Por último, no está de más recordar que la nostalgia por el pasado moderno parece haber
hecho desaparecer de miras muchos de los males que acompañaron ese período. El
autoritarismo, la intolerancia, la violencia encontraban campo fértil en la creencia irrestricta
acerca de verdades universales e inconmovibles, en la apelación a una razón en el fondo
absolutista, en cuyo nombre se daban diversificadas formas de imposición. Los padres tenían
razón sobre sus hijos, los profesores sobre los alumnos, los médicos sobre los pacientes, los
hombres sobre las mujeres (siempre sospechadas de no acceder a pleno a esa racionalidad
definida en términos de modelo masculino), la ciencia sobre cualquier sentido común, la
filosofía sobre todo el pensamiento de la mayoría de los mortales. Verdad es que puede
discutirse que sea un auténtico rasgo de democracia (como algunos posmodernistas suponen)
que ahora la opinión la marquen periodistas de moda por sobre académicos, o que la New Age
pretenda asimilarse a la ciencia. Sin duda, hemos tenido pérdidas con la entrada a lo
posmoderno. Pero también ganancias: el fin de la proyectualidad y de la vida apostada siempre
al futuro significa nada menos que la posibilidad de acceso al goce y al instante, por el cual
lucharon generaciones enteras. El rechazo a la imposición por los padres ha permitido
márgenes de libertad por completo inconcebibles hace apenas cuarenta años. El discutir la
centralidad del docente ha permitido poner el acento en el aprendizaje de los alumnos, más
que en el sujeto del acto de enseñanza; y ha evitado abusos que algunos maestros cometían
en otras epocas en nombre de la disciplina y del saber, En fin: la época del sujeto centrado, de
la ética tradicional, de las modalidades letradas, no fue un lecho de rosas. Fue espacio para
rigidez e intolerancia, además de serlo a veces para la reflexión y el juicio meditado o
ecuánime. No todo lo moderno fue rescatable, no todo lo posmoderno resulta inaceptable.
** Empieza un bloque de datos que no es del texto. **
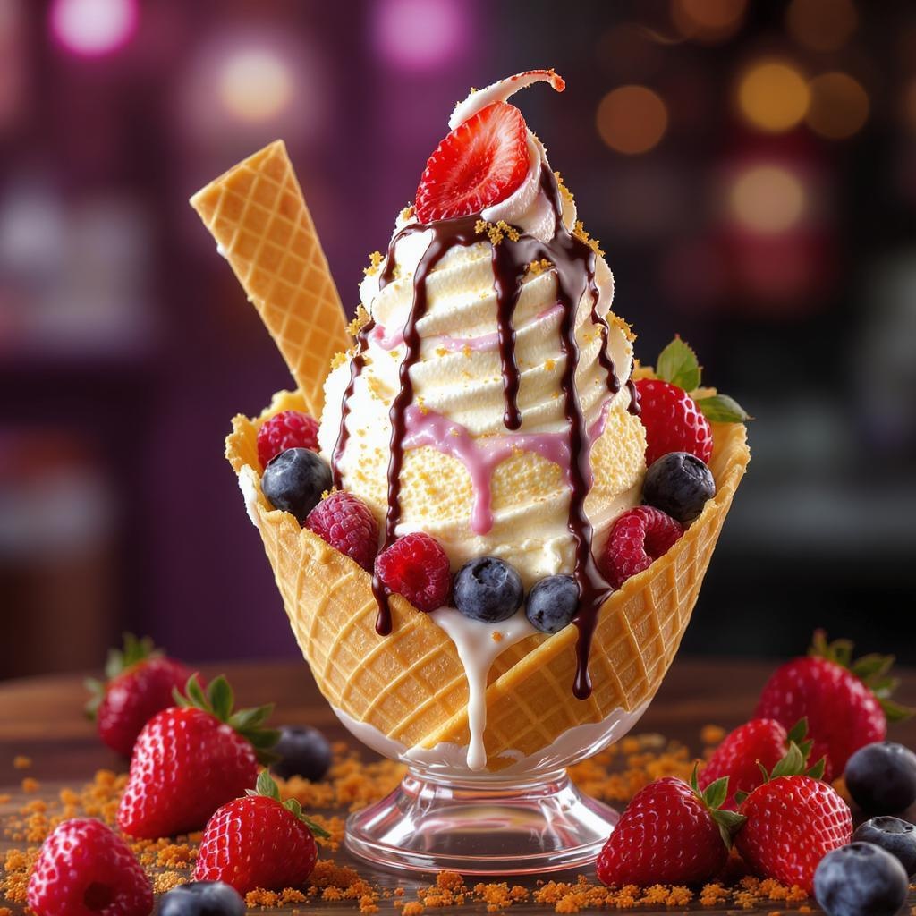 Sumptuous ice cream sundae nestled in a waffle cone bowl, adorned with fresh berries and a medley of toppings, UHD, HDR10, 16K, vibrant colors, striking resolution, extraordinary textures, surreal twists, intriguing elements, imaginative extension, surprising alterations, notable features, otherworldly charm, unexpected duplicates, eye-catching details, dreamlike vision, stunning presentation, artistic flair, whimsical touch, captivating allure, surreal enhancement, innovative composition.
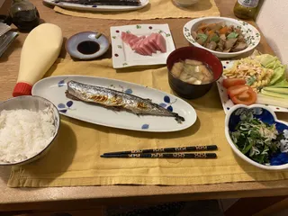 晩ご飯です 定番の秋刀魚です。マカロニサラダも作りました♪まぐろの刺身、根菜の煮物、ほうれん草と大根おろし、しらす干しのゆずぼん和え、味噌汁、サラダにマヨネーズです。新マヨ開封しました😊
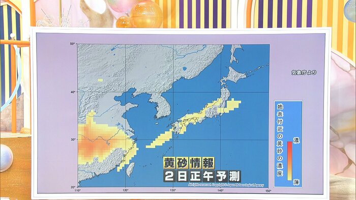 PM2.5を含んで、そういうものが遠く日本までやってきているということなので、きょう(2日)は車とかも気をつけた方がいいかもしれないです。明日でもいいので、車についた黄砂はしっかり洗い流すのがいいと思います。
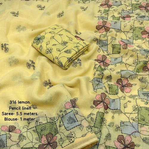 Quality- soft linen by line saree with beautiful pencil stich embroidery
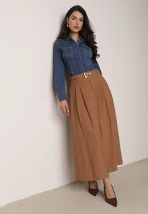 Brązowa Wiskozowa Spódnica o Rozkloszowanym Kroju z Rozcięciem i Paskiem Jaelia

En este último acápite, una sociedad donde las verdades no son apriorísticas, sino que deben
conquistarse, es decir, donde hay que convencer. Una sociedad donde nadie es el dueño único
del sentido, y por tanto donde lo absolutista no tiene lugar. Un espacio donde fluye la
información a nivel mundial, lo que dificulta fuertemente el achicamiento del espacio discursivo
que fuera típico de las dictaduras. Un sitio donde no es necesario luchar largamente para
acceder al propio deseo, y donde existen múltiples formas de vida que permiten albergar las
más diversas motivaciones y tendencias culturales y vivenciales. Sin duda, lo posmoderno no
es lisa y llanamente un espacio de decadencia y de estropicio, como a menudo se lo presenta.
En todo caso, nos plantea problemas y perplejidades. Son diferentes de las que nos brindara la
modernidad; éstas también motivaron sus propios conflictos e irresoluciones. Y en todo caso,
carece de todo sentido histórico pretender reinstalar las condiciones de un pasado que ya han
sido superadas de hecho en el plano práctico. El pasado no puede volver a instaurarse.
En todo caso, sí es atendible la situación de aquellos que tienen por buenos ciertos valores
propios de la modernidad e intentan devolverles vigencia. Ello es perfectamente legítimo, y en
todo caso debiera plantearse como cuestión programática. Es decir, debiera pensarse cuáles
son las condiciones para esto pueda realizarse. De ello hablaremos hacia el final de este
trabajo. La escuela es netamente moderna: si queremos sostenerla en la posmodernidad,
habremos de readecuarla. No podremos seguramente mantenernos en la situación actual, ni
simplemente reclamar un lugar esperando la paciencia y buena voluntad de la población.
Habrá que constituir la condición desde la cual resulte de interés volver a dar lugar a la razón, a
los valores iluministas como la lectura y la escritura, en fin, al método, la sistematicidad sin la
cual el conocimiento como tal es imposible de ser producido y, por supuesto, de ser transmitido
a través de los mecanismos provistos por el sistema escolar.